BRIEF DESCRIPTION OF THE DRAWINGS

So that the manner in which the above recited features of the various embodiments can be understood in detail, a more particular description of the inventive concepts, briefly summarized above, may be had by reference to various embodiments, some of which are illustrated in the appended drawings. It is to be noted, however, that the appended drawings illustrate only typical embodiments of the inventive concepts and are therefore not to be considered limiting of scope in any way, and that there are other equally effective embodiments.

FIG. 1 illustrates a computer system configured to implement one or more aspects of various embodiments.

FIG. 2 is a more detailed illustration of the training engine and execution engine of FIG. 1, according to various embodiments.

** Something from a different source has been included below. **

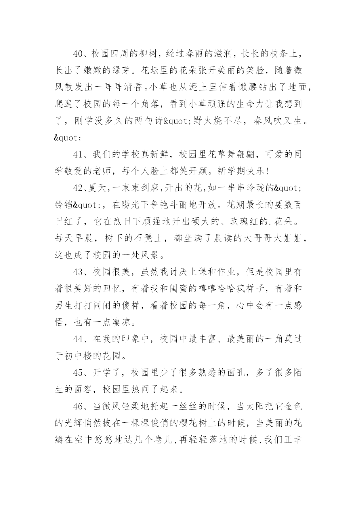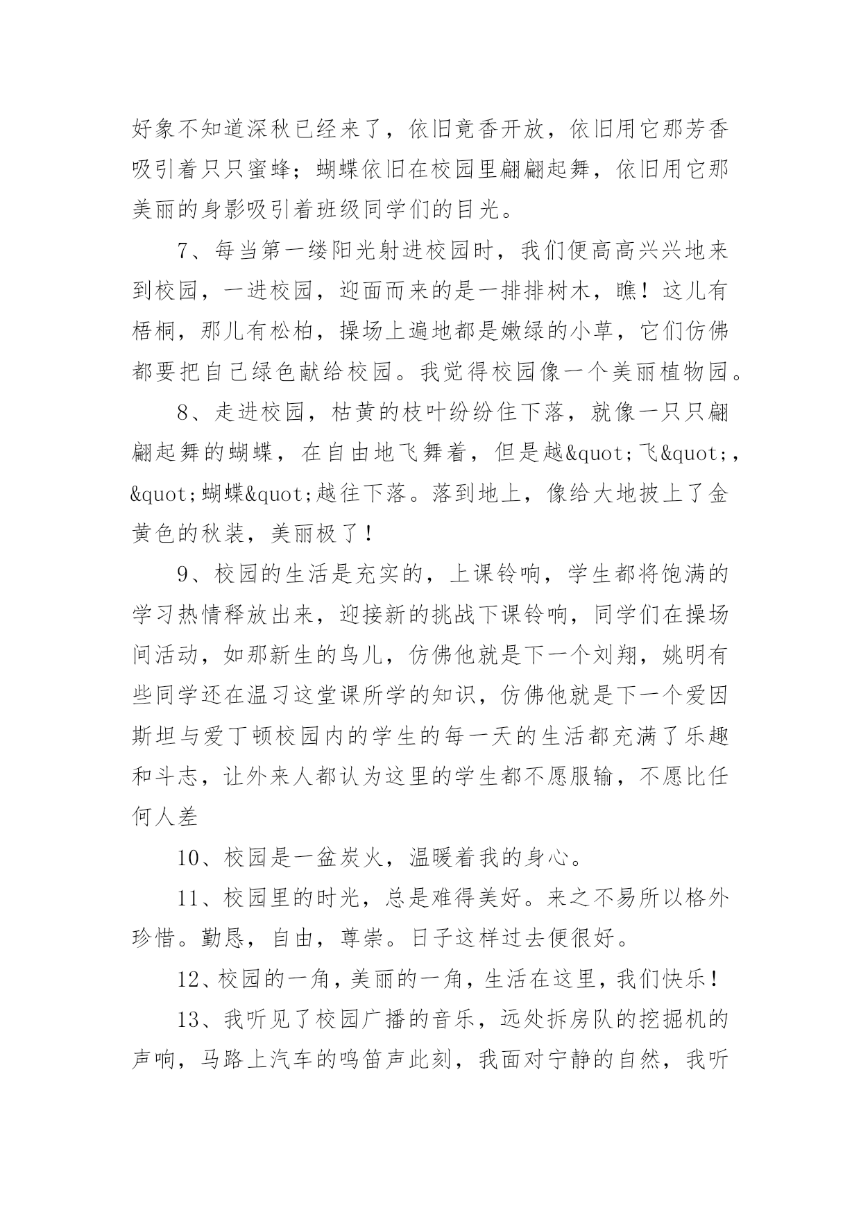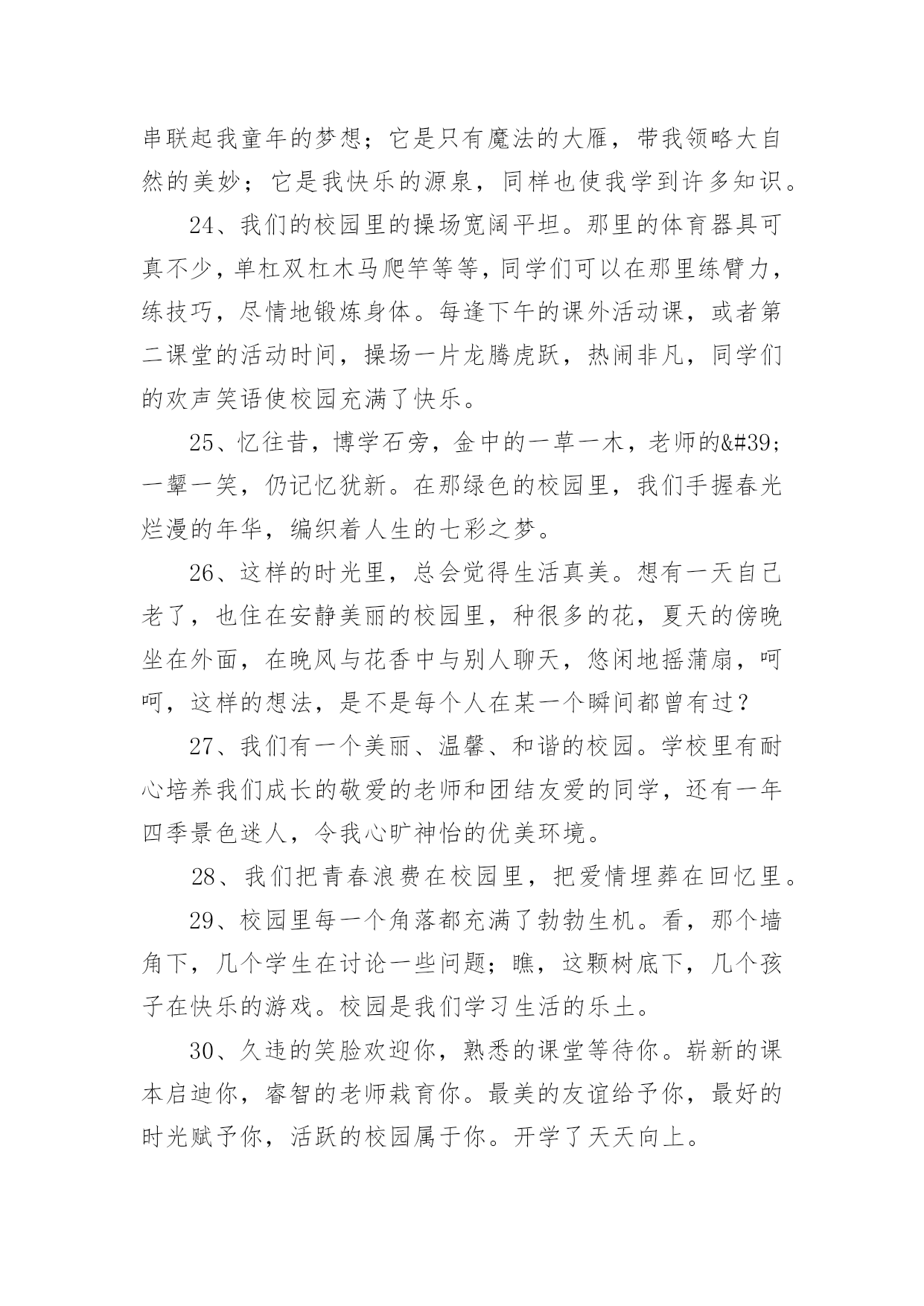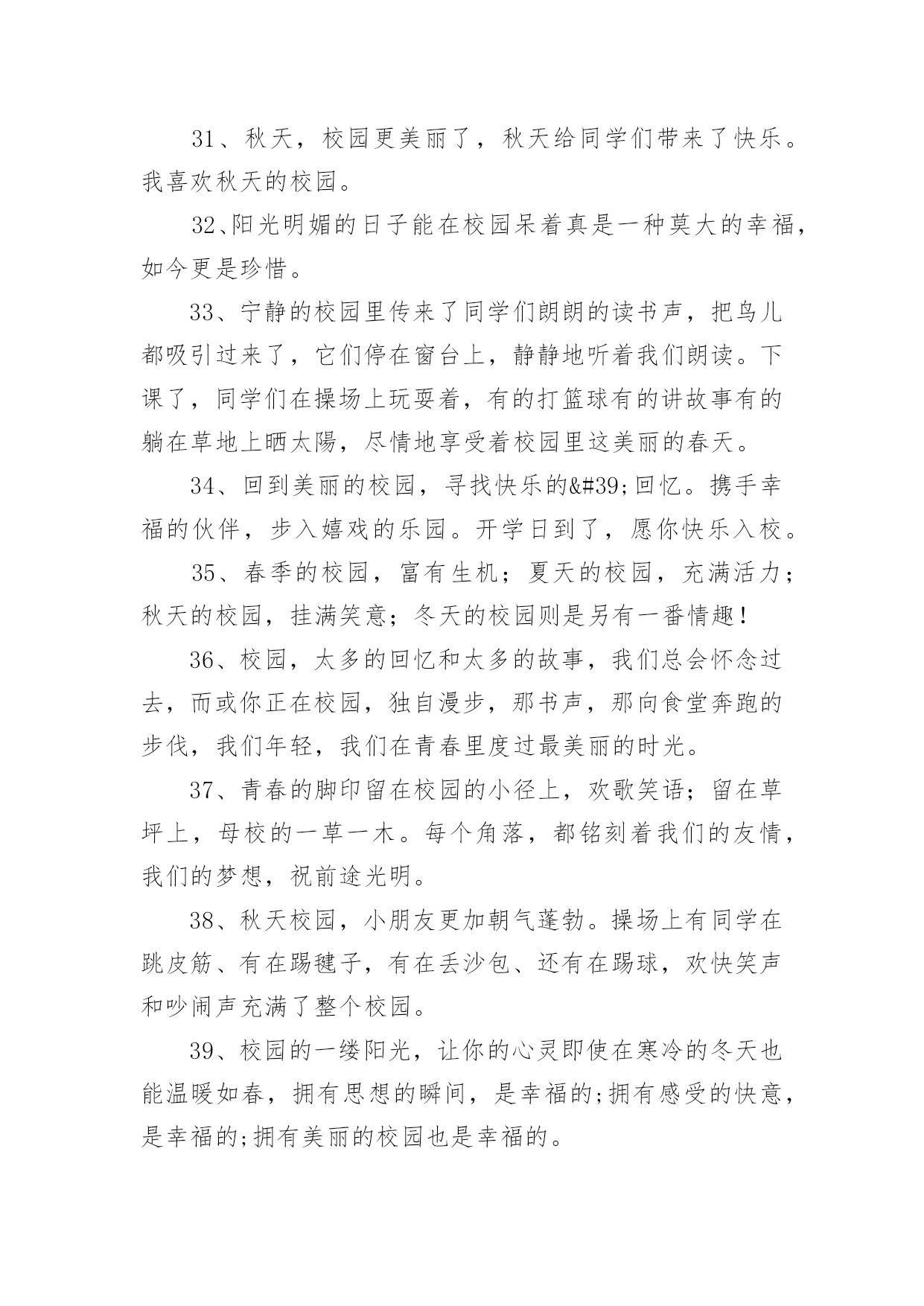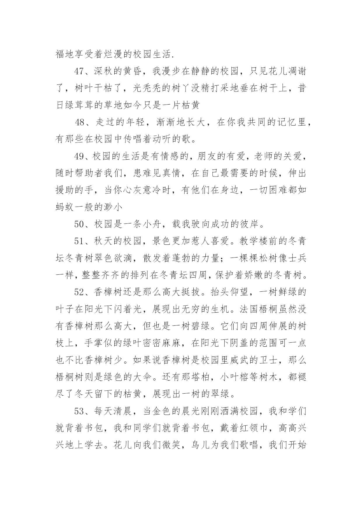 美好校园生活的短句美好校园生活的短句校园里每一个角落都充满了勃勃生机。看,那个墙角下,几个学生在讨论一些问题;瞧,这颗树底下,几个孩子在快乐的游戏。校园是我们学习生活的乐土。以下是小编为大家整理的美好校园生活的短句(精选100句),欢迎大家借鉴与参考,希望对大家有所帮助。1、在校园里,不仅充满了鸟语花香,绿树成荫,而且错落有致的教学楼更是平添了一份美景。2、校园是我人生的道路,校园是我的前途,校园是我的生命,校园是我的家。3、校园的生活是精彩的,那婀娜的舞姿;激动的比赛;然而愈难愈兴奋的奥赛题,受益匪浅的文章;更有有趣的文章。4、又见熟悉的朋友笑脸,又见往日校园的花草,一切都那么亲切,美好,回到学校的感觉真好。朋友,开学快乐,好好学习!5、光阴似箭,日月如梭,一年一度的六一儿童节踏着轻轻的脚步再次来临。早晨,我们兴高采烈.谈笑风生地走进了校园,不知不觉中响起了我们那清脆又优美的校歌,同学们发出一阵银铃般的笑声,露出一张张可爱的笑脸。6、秋天的校园仍旧光彩宜人,树依旧是那么绿;花儿好象不知道深秋已经来了,依旧竟香开放,依旧用它那芳香吸引着只只蜜蜂;蝴蝶依旧在校园里翩翩起舞,依旧用它那美丽的身影吸引着班级同学们的目光。7、每当第一缕阳光射进校园时,我们便高高兴兴地来到校园,一进校园,迎面而来的是一排排树木,瞧!这儿有梧桐,那儿有松柏,操场上遍地都是嫩绿的小草,它们仿佛都要把自己绿色献给校园。我觉得校园像一个美丽植物园。8、走进校园,枯黄的枝叶纷纷住下落,就像一只只翩翩起舞的蝴蝶,在自由地飞舞着,但是越"飞","蝴蝶"越往下落。落到地上,像给大地披上了金黄色的秋装,美丽极了!9、校园的生活是充实的,上课铃响,学生都将饱满的学习热情释放出来,迎接新的挑战下课铃响,同学们在操场间活动,如那新生的鸟儿,仿佛他就是下一个刘翔,姚明有些同学还在温习这堂课所学的知识,仿佛他就是下一个爱因斯坦与爱丁顿校园内的学生的每一天的生活都充满了乐趣和斗志,让外来人都认为这里的学生都不愿服输,不愿比任何人差10、校园是一盆炭火,温暖着我的身心。11、校园里的时光,总是难得美好。来之不易所以格外珍惜。勤恳,自由,尊崇。日子这样过去便很好。12、校园的一角,美丽的一角,生活在这里,我们快乐!13、我听见了校园广播的音乐,远处拆房队的挖掘机的声响,马路上汽车的鸣笛声此刻,我面对宁静的自然,我听见了自己的心声,新生。14、校园镂刻了年轮的潋滟,启动了人生的风帆。澎湃的激情,堆积成豪迈的期盼。15、校园是一杯美酒,让我品味人生。16、校园生活,印记峥嵘。17、校园的生活是充满挑战的,只要一不小心,不认真,就会被别人远远地甩在后面思维是随时都紧张的18、寒冷的风中,校园里的树枝在瑟瑟发抖,一根根活像老人枯干的手,微微地伸向晨空。然而松柏和冬青依然翠绿,给冬日的校园增添了一份活力。19、教室里,你回过头来冲我明媚的微笑,我却只顾黑板上奋笔疾书的老师,丝毫注意不到你;校园里,你微笑着挡在了我的面前,我却静静地绕过你。不要怪我狠心,我只不过太清楚了你不会再出现在我的生活中了。相识三载,你留给我的最深刻的记忆就是你明媚的笑容。20、丰富多彩的校园生活像一本书,让我获得很多知识。21、秋天的校园是五彩缤纷的,是灿烂夺目的,更是迷人的。连廊外有一株枫树,火红的枫叶给人一种焕然一新的心情。22、我的校园生活似一条潺潺流淌的小溪,它欢快地奔流着,时时泛起一朵朵晶莹的浪花仰首是春,俯首是秋,月圆是画,月缺是诗我的校园生活在无声的岁月中为我点缀了一幅幅人生的画面,使我的人生路上充满欣喜与充实。23、美丽的校园,是我最喜欢的地方。它是一个个音符,串联起我童年的梦想;它是只有魔法的大雁,带我领略大自然的美妙;它是我快乐的源泉,同样也使我学到许多知识。24、我们的校园里的操场宽阔平坦。那里的体育器具可真不少,单杠双杠木马爬竿等等,同学们可以在那里练臂力,练技巧,尽情地锻炼身体。每逢下午的课外活动课,或者第二课堂的活动时间,操场一片龙腾虎跃,热闹非凡,同学们的欢声笑语使校园充满了快乐。25、忆往昔,博学石旁,金中的一草一木,老师的'一颦一笑,仍记忆犹新。在那绿色的校园里,我们手握春光烂漫的年华,编织着人生的七彩之梦。26、这样的时光里,总会觉得生活真美。想有一天自己老了,也住在安静美丽的校园里,种很多的花,夏天的傍晚坐在外面,在晚风与花香中与别人聊天,悠闲地摇蒲扇,呵呵,这样的想法,是不是每个人在某一个瞬间都曾有过?27、我们有一个美丽、温馨、和谐的校园。学校里有耐心培养我们成长的敬爱的老师和团结友爱的同学,还有一年四季景色迷人,令我心旷神怡的优美环境。28、我们把青春浪费在校园里,把爱情埋葬在回忆里。29、校园里每一个角落都充满了勃勃生机。看,

FIG. 3 illustrates an example architecture for the machine learning model of FIG. 2, according to various embodiments.

FIG. 4 is a more detailed illustration of a block in the skeletal transformer of FIG. 3, according to various embodiments.

FIG. 5 is a flow diagram of method steps for generating a pose for a virtual character, according to various embodiments.

DETAILED DESCRIPTION

In the following description, numerous specific details are set forth to provide a more thorough understanding of the various embodiments. However, it will be apparent to one of skilled in the art that the inventive concepts may be practiced without one or more of these specific details.

System Overview

FIG. 1 illustrates a computing device 100 configured to implement one or more aspects of various embodiments. In one embodiment, computing device 100 includes a desktop computer, a laptop computer, a smart phone, a personal digital assistant (PDA), tablet computer, or any other type of computing device configured to receive input, process data, and optionally display images, and is suitable for practicing one or more embodiments. Computing device 100 is configured to run a training engine 122 and an execution engine 124 that reside in a memory 116.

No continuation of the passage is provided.